Man kann Treppen jetzt „leben“ - ist das nicht großartig!?

„Wir leben (also) Treppen“ bzw. diese Firma tut das. Ich verspreche: Ich will das auch können und werde es gleich mal ausprobieren.

Also mal ganz abgesehen davon, dass der Claim ein ziemlich freches Plagiat der aktuellen Opel-Kampagne ist…


Wir leben Autos



… müsste ich (oder der Treppenverkäufer) laut Slogan jetzt also aktiv etwas tun. Nämlich „etwas leben“. Hmmm….
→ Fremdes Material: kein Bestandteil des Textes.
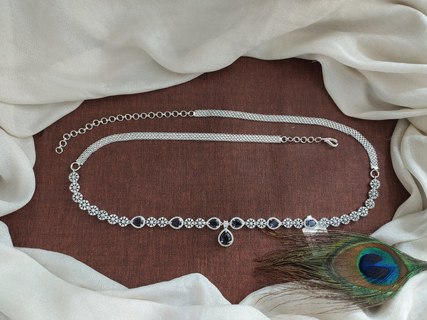 Elevate your traditional ensemble with this exquisite Zircon Hip-Chain, crafted in a sleek silver (rhodium) finish. Available in two enchanting colors—violet and green—this hip-chain exudes elegance and charm. Designed with...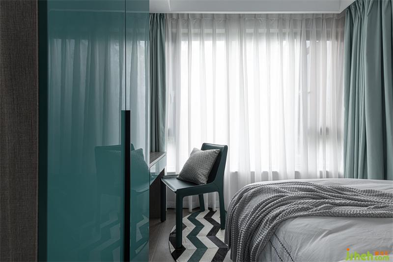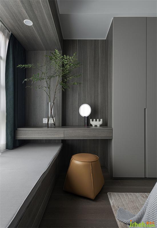 在有限的空間內,我們巧妙的借用飄窗距離延伸梳妝臺長度,以滿足更多的妝臺使用面積。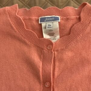 Bonpoint girls cardigan sweater with scalloped neck & hem, front pearl button closure, long sleeve ribbed cuff, hem & crew neck.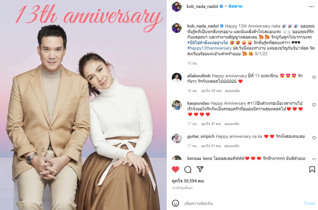 นานทีปีหนจะโชว์ความหวานสักหน สำหรับนางเอกตลอดกาล กบ สุวนันท์ ที่ล่าสุดโพสต์ซึ้งเผยความรู้สึกถึงสามีคู่ชีวิต บรู๊ค ดนุพร เนื่องในวันครบรอบแต่งงาน 13 ปี

(Stunden später, sabbatical).

Ich glaub`, ich hab`s! Folgendes könnte der Claim meinen: Wenn ein Treppenkaufinteressent kommt, winde ich meinen Treppenverkäuferkörper wie eine Treppe. „Lebe“ sie gewissermaßen, ist das so richtig?

Ich unterstreiche damit meine tiefe Verbundenheit mit allen Treppen dieser Welt (den armen Treppen, den reichen Treppen, den nagelneuen Treppen, den so oft benutzten Treppen, den fröhlichen Treppen und natürlich auch den traurigen Treppen und so weiter). Damit schaffe ich, wie wir Kommunikationsexperten und Wortkünstler sagen, einen starken Impact. Eine intensive, ja beinahe treppenerotische Symbiose zwischen dem (meinem) Produkt und mir. Ist das gemeint?
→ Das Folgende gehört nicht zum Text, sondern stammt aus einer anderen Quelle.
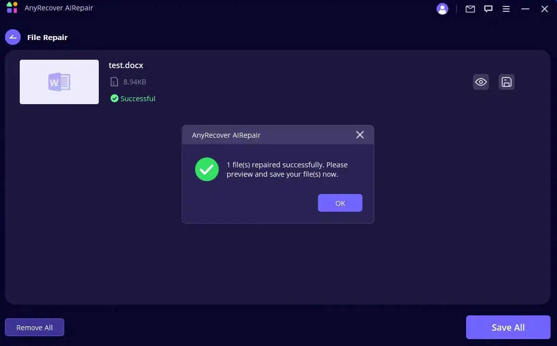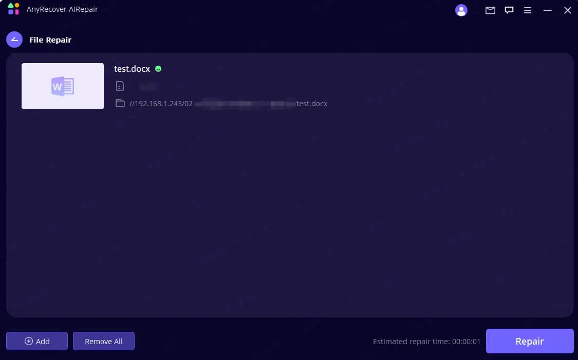 AnyRecoverは、どのように破損しても、重要なファイルが迅速かつ効率的に復元されることを保証します。次の手順に従って、Any Recover Airepairでファイルを修理します。

Immerhin: Dem Claim verschafft man somit die ultimative Glaubwürdigkeit (Fachbegriff: Reason Why). Aber mal unter uns: Wie hoch stehen die Quoten, dass ich nach dieser Übung von den Herren mit den weißen Kitteln abgeholt werde… ?
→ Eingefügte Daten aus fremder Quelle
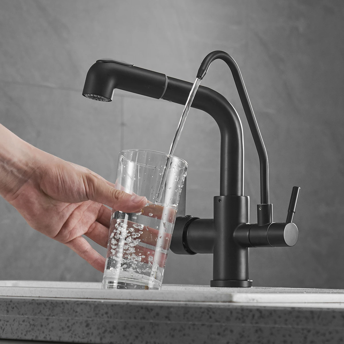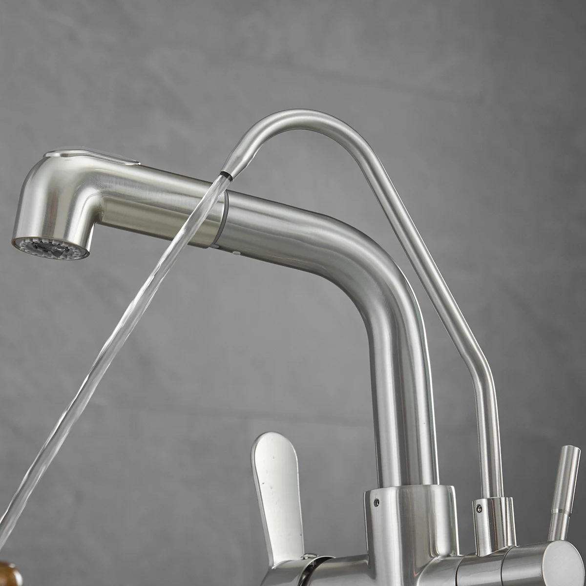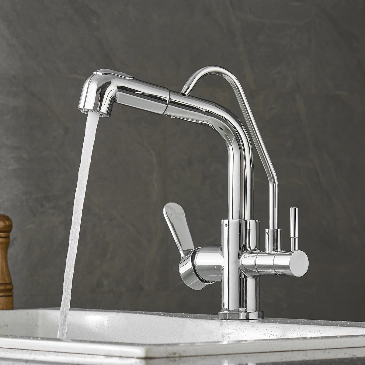 Reliable and High Quality Material: Constructed with stainless steel, this kitchen faucet with filtered water dispenser is built to last, resisting corrosion and ensuring long-term reliability for your kitchen sink. The pull-down faucet design adds flexibility and ease of use, making everyday tasks like filling pots or washing dishes a breeze

Nach ein paar Stunden intensiver Beschäftigung mit der Frage, was dieser Slogan uns Treppeninteressenten wirklich sagen will, gebe ich auf und gleichzeitig zu: Diese Treppe ist mir zu hoch. Leiter… ;-)

Ich verspreche aber: Sobald ich draufkomme, was dieser Treppen-Claim von heute Abend bedeutet, melde ich mich wieder. Übrigens: Der Favorit für eine Lösung lautet aktuell:

Womöglich ist dieses neueste Paradebeispiel für einen grottenschlechten Firmenclaim nur eins: ein Treppenwitz?

Montag, 8. November 2010

Wir können alles. Außer Gelassenheit?




Wir alle wissen ja: Humor ist nicht jedermanns Sache.

Ein Skandälchen (süddeutsch: Skandäle) deckte vor wenigen Tagen Spiegel Online auf. Dabei geht es um den bundesweit populären Landesclaim Baden-Württembergs („Wir können alles. Außer Hochdeutsch“). Dazu muss man wissen: Zu einem Slogan gehört stets der Absender bzw. das Logo. Hier ist es: das Musterländle-Wappen (mit Löwen, Hirsch und Greif, sozusagen den Vorläufern von Äffle und Pferdle).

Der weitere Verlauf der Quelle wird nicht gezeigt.